Reddit tends to be younger people without much life experience. When you're 20 years old and a startup offers you all this equity it does sound really good, but when you're 38 and you realize that equity isn't worth the paper it's printed on, you'd rather get more cash comp
It's a very interesting trend - opinions that got me down-voted into oblivion on HN in 2015 are now super popular. The biggest part of the change seemed to happen when Trump got elected. Anecdotally, it seems like that was the moment when this community lost it's innocence, stopped trusting authority, questioned it's own narratives, and in a sense grew up.
In private companies, always remember: (1) control ≠ equity
(2) equity ≠ profit (3) equity ≠ information.
If this is new to you read Brad Feld's Venture Deals book and do the online course, it's time well invested.
Note this is simply the nature of private equity. Companies go public to drink at the capitalisation trough of public markets, but the cost is regulation and increased transparency. Companies that stay private are rarely bound by significant rules in terms of board or management decisions redefining structure, equity, terms and so forth. There are at least four key firewalls (exercise, issue, share class, transfer) between "options" as issued or promised and meaningful equity value extraction for an employee. Good lawyers can probably name five more, and definitely dream up or deploy tens more at any time without breaking laws.
I learned this in my first board position with VC's on the board (early 2000's). Thankfully I was vital to the company's platform, so had some leverage. But everything was fluid, and able to be changed according to how the VC's needed to present it in terms of a consistently successful investment story.
In the end, I walked away with less than I hoped but more than I think I deserved (for being so naive). But it's been an abject lesson since: nothing in a private company is fixed, it can all be changed according to who pulls the strings. Options and equity are very vulnerable to this. Having equity is no guarantee of power or even a seat at the table (or of future wealth).
> What kills your options is dilution. You have no control over this AND as time progresses you get more and more diluted with new hires and rounds.
People are way too obsessed with dilution because it sounds so scary. "With the stroke of a pen they can create a billion more shares and your percentage goes from 5% to 0.01%"
The reality is that all common shareholders have the same incentive to not dilute the outstanding shares. That almost always includes the founders. Outside of a money raise most of the people involved in the company are aligned in the desire to not dilute each other.
The major source of dilution is new fundraising and while it will effect your percentage of ownership it typically doesn't affect the value of your stake because the dilution is part of post-money valuation.
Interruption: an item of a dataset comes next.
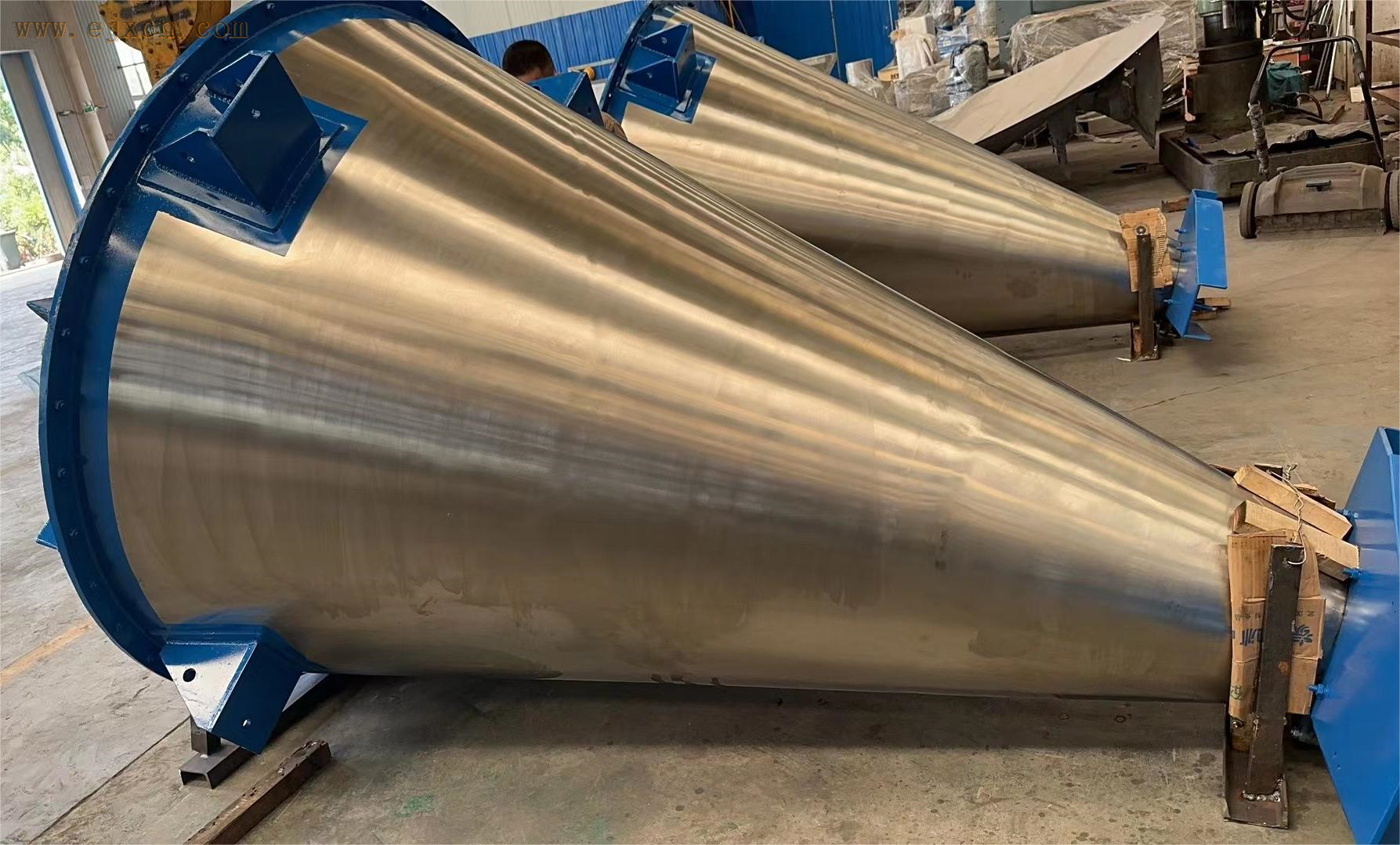 2.根据设备动力要求可以设计沿桶体螺带和中间轴带螺旋两种形式。筒体可以设计为全倒锥形和上部圆桶型,在物料比例在1‰加入时均匀度达到98%。

So you might own 1% of a $10m company before the dilution and 0.5% of a $20m company after the dilution but the value of your holding didn't change.
The things people should be worried about are all the shenanigans that happen around participating preferred multiples. Or, the worst, 30-day exercise windows along with the tax treatment of options exercise/AMT. But since those are much more opaque concepts it's way harder to get people riled up about it.
And if you have an unscrupulous CEO there's basically nothing you can do to protect yourself as a worker. But that's way different from the normal dilution you get as part of raising money.
> So you might own 1% of a $10m company before the dilution and 0.5% of a $20m company after the dilution but the value of your holding didn't change.
If that is indeed true, then there's almost no reason not to demand being paid in real cash money rather than stock options. If the company doubles in value and I have the same amount of money, then what's the point of getting options instead of USD?
This like saying, "don't worry, your lotto ticket won't be devalued: We'll make sure that even if those numbers win the jackpot, you'll still get the same $2 and it won't be diluted below that."
Founders usually own a different class of stock though - enough to have a controlling share of the vote no matter how much they’re diluted. This control that they hold ensures they will get paid extra during acquisitions (or sometimes even during fundraising rounds), proportional to the value of the company rather than their share of the stock.
what (if anything) stop the founders from just giving themselves more shares?
they only have the same incentive to not dilute if they are getting the same penalty for diluting, right?
I am not an expert in any of this but it seems they could just agree to issue a ton of shares to all the investors / founders but not to employees in a way where everyone except the employees benefit.
“So you might own 1% of a $10m company before the dilution and 0.5% of a $20m company after the dilution but the value of your holding didn't change.”
Nope. If you are topped up (which means you still have political standing) then you start a new vesting schedule. So all those shares you worked for and vested — you can work for again!! Yay! Until another 4 years you are diluted. Yay! But likely there will be another round while you wait to vest the shares you already had!! Hahahaha!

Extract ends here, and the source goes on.